Over the last weekend, I watched a cumulative 36 hours of golf. I kinda like it, the strategy, the tension, the awesome fist pumps when a guy hits a BALL with a stick. Yeah, the irony isn’t lost on me… But, there are also awesome moments of… well, schadenfreude. Like when a golfer completely self-destructs as loses about $700,000 in the span of 4 minutes (see: Padraig Harrington on the 8th hole of Hazeltine. Yikes.)
However, after watching golf for so long – I realized, once and for all, that I AM NOT the target demographic.
I saw commercials for:
- Retirement funds – oh, older people, got it. Makes sense.
- Cialis – I think Cialis OWNS golf, not a single Viagra commercial in the bunch – and I still wonder WTF is up with the two bathtubs in the middle of nowhere?? Kate talked about this at the beginning of the year, but I guess it still works for old guys who can’t get it up, and is not embarrassed by walking naked to an old-tyme bathtub in the middle of desert on a plateau…

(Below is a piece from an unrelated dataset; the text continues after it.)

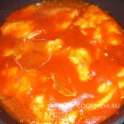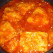 Следом за рыбой выложить томатную пасту, слегка разбавленную водой (1 стакан). Рыбка должна быть полностью покрыта этой смесью

- Oldsmobile – not a SINGLE commercial advertising the “Cash for Clunkers” program – so golfers are rich, keeping up the stereotype
- Community outreach – Golf First, or Tees ‘R’ Us or something like that – so old, rich people like to give back to the community in a ‘hands-off’ sorta way…
- More golf – they say there are only 4 Majors, however, there are a shitload of tournaments for these guys to make money
- Tiger Woods – the man, the brand, I think he is part King Midas there. Even when he loses, people talk about how awesome he is. They didn’t say that about Rex Grossman last year…

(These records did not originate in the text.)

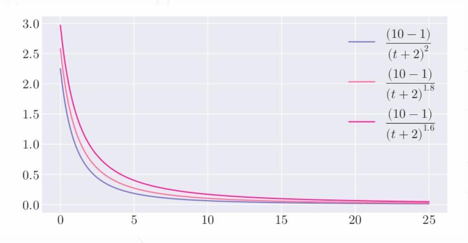 不难看出, G 值越大,曲线越陡峭,排名下降的速度越快,意味着排行榜的更新速度越快。
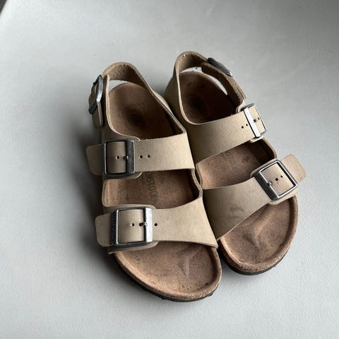 Glitrende sandaler fra Birkenstock i størrelse 33. Brukt på godværsdager i fjor sommer. Ser ingen stygge merker i oversiden av sandalen/i glitteret.
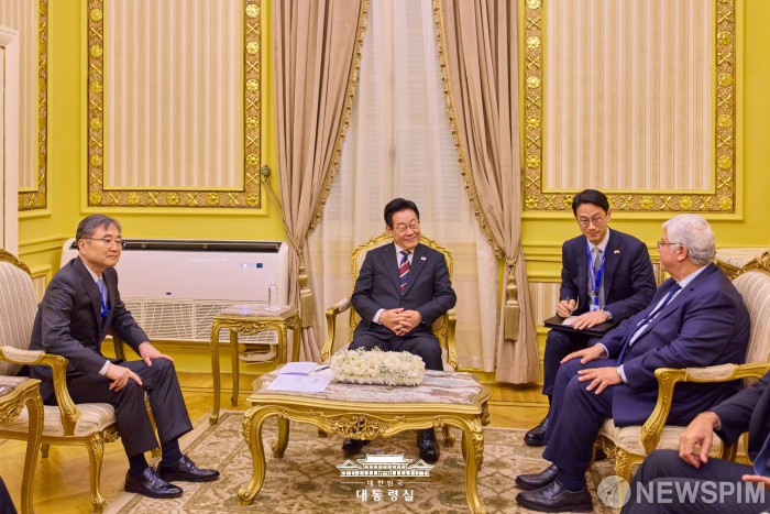 [서울=뉴스핌] 이집트를 공식 방문 중인 이재명 대통령이 지난 20일(현지시간) 카이로대학교에서 무함마드 사미 압델사덱 카이로대학교 총장과 사전환담을 하고 있다. [사진=대통령실] 2025.11.22 photo@newspim.com

- BeneFiber – Again, old people have bowel problems. Moreso than young folk. I get it. I think Price Waterhouse Cooper was co-sponsoring the ads.
- Tiger Woods – If you are one of the first 50 callers, you will get a lock of his hair AND a vial of sweat wrenched from the bill of the cap he wore when losing to a South Korean. Apparently, people really do love this guy.
So, I realized, after watching all of this, that I am not about to retire, nor near retirement. I do not like taking a bath at sunset in the middle of nowhere, don’t want an Oldsmobile, am too busy working to make ends meet to pay someone to teach kids how to golf, am annoyed intensely by the “FedEx Cup” commercials – so much so, that I almost miss the long-haired hippie dude who draws on the whiteboard (almost), think Tiger is cool, but seriously? Have regular “evacuations” so there’s no need to add any more fiber to my diet, and still, Tiger, seriously?
However, I own 2 “golf” shirts – and they are the comfiest shirts I own. That’s right, the comfiest. So there’s that.